__RECORDS FOR THE TASK__
☆ ☆ ☆ ☆ ☆

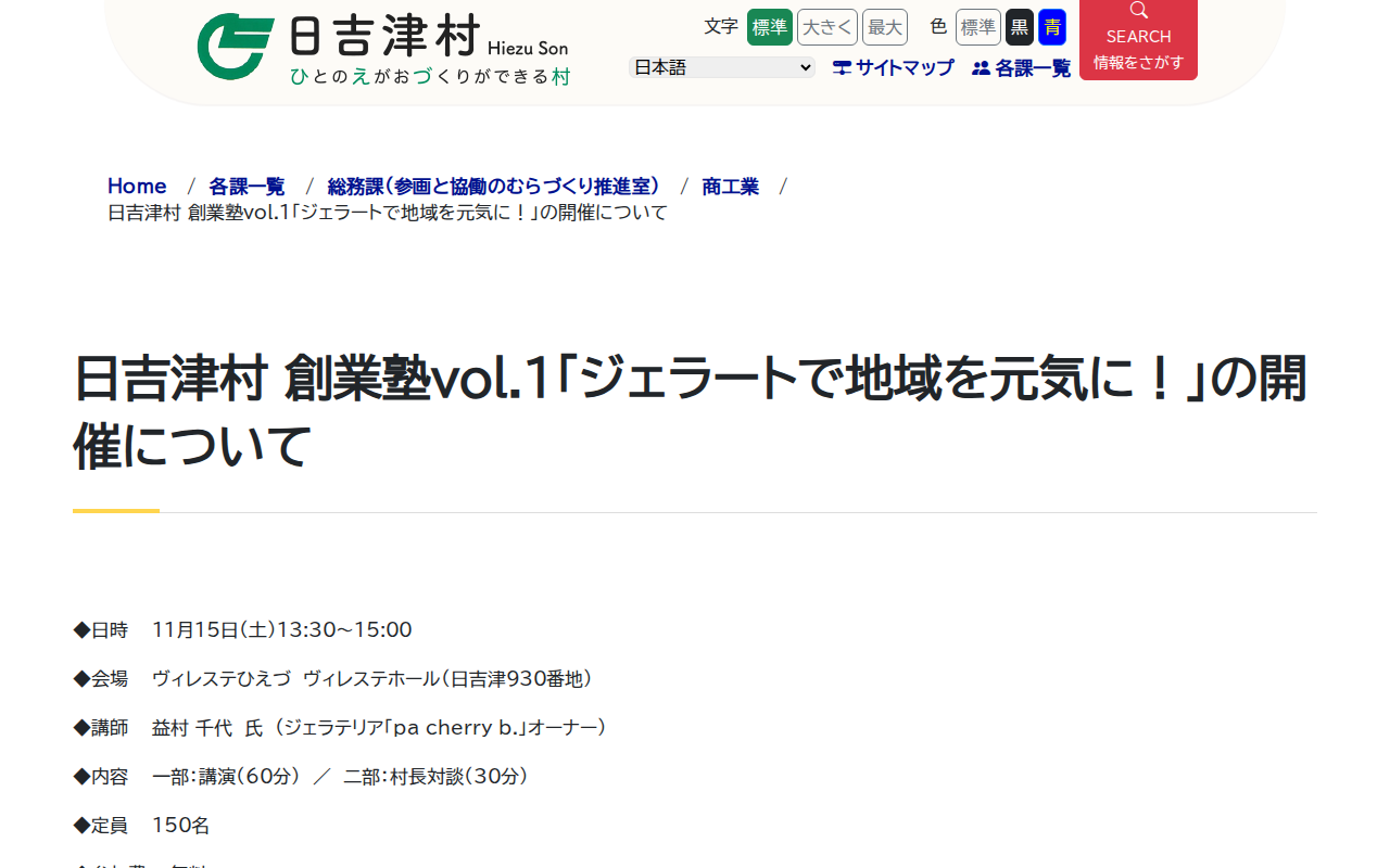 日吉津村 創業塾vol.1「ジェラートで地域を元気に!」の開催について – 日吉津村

☆ ☆ ☆ ☆ ☆

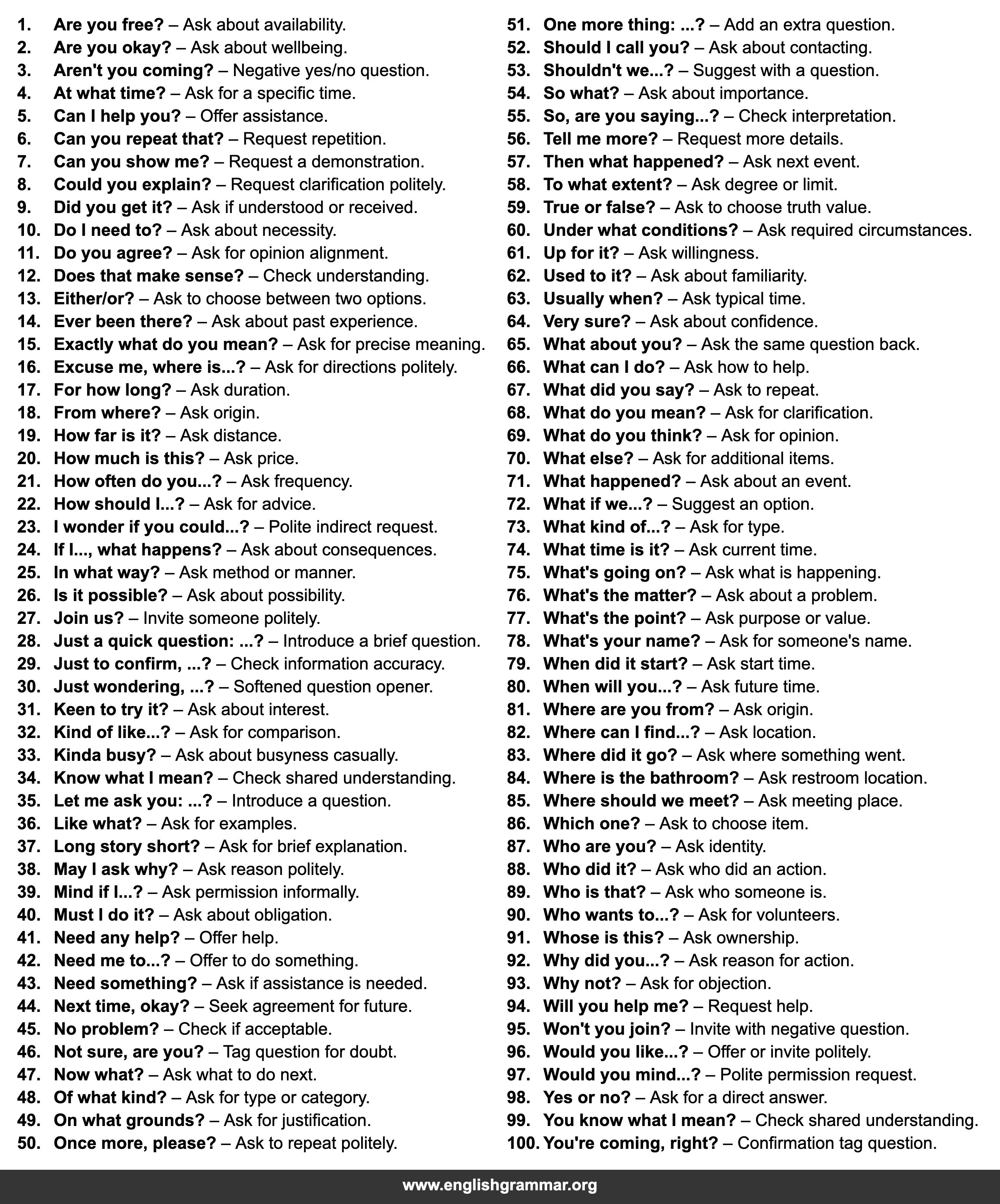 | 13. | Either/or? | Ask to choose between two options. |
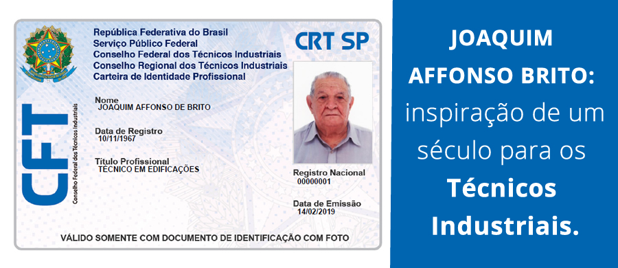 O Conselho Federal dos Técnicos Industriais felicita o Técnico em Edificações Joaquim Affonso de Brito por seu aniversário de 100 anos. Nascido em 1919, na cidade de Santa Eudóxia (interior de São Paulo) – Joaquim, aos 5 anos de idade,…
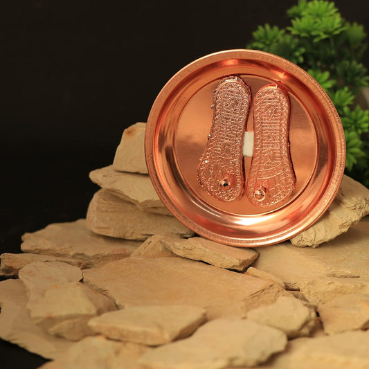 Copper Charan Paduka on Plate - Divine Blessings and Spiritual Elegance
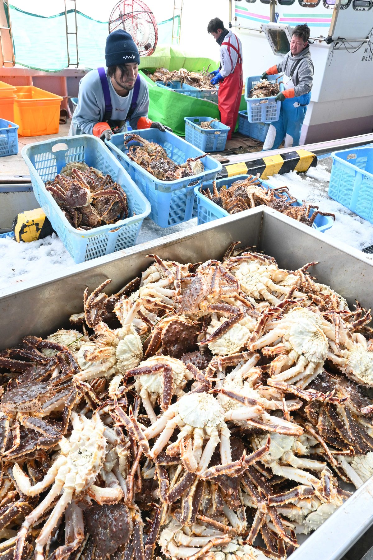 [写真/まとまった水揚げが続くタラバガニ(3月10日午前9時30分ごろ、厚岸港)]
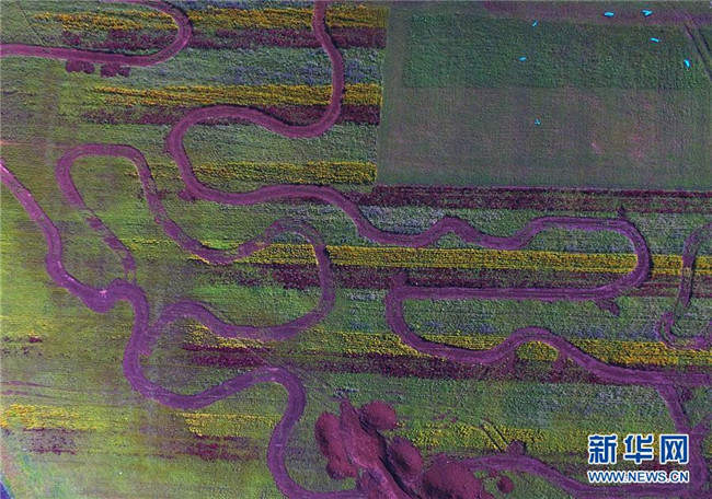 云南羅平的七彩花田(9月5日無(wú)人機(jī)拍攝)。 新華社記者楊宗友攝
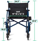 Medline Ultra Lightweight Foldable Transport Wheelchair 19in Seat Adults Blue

☆ ☆ ☆ ☆ ☆

__WHAT IS BEING ASKED__
From the listing above, please give again the lines that begin with the line holding "[写真/まとまった水揚げが続" and go on through the line holding "Medline Ultra Lightweight", exactly, both ends included, minus any picture.

__SOLUTION TO THIS TASK__
 [写真/まとまった水揚げが続くタラバガニ(3月10日午前9時30分ごろ、厚岸港)]
 云南羅平的七彩花田(9月5日無(wú)人機(jī)拍攝)。 新華社記者楊宗友攝
 Medline Ultra Lightweight Foldable Transport Wheelchair 19in Seat Adults Blue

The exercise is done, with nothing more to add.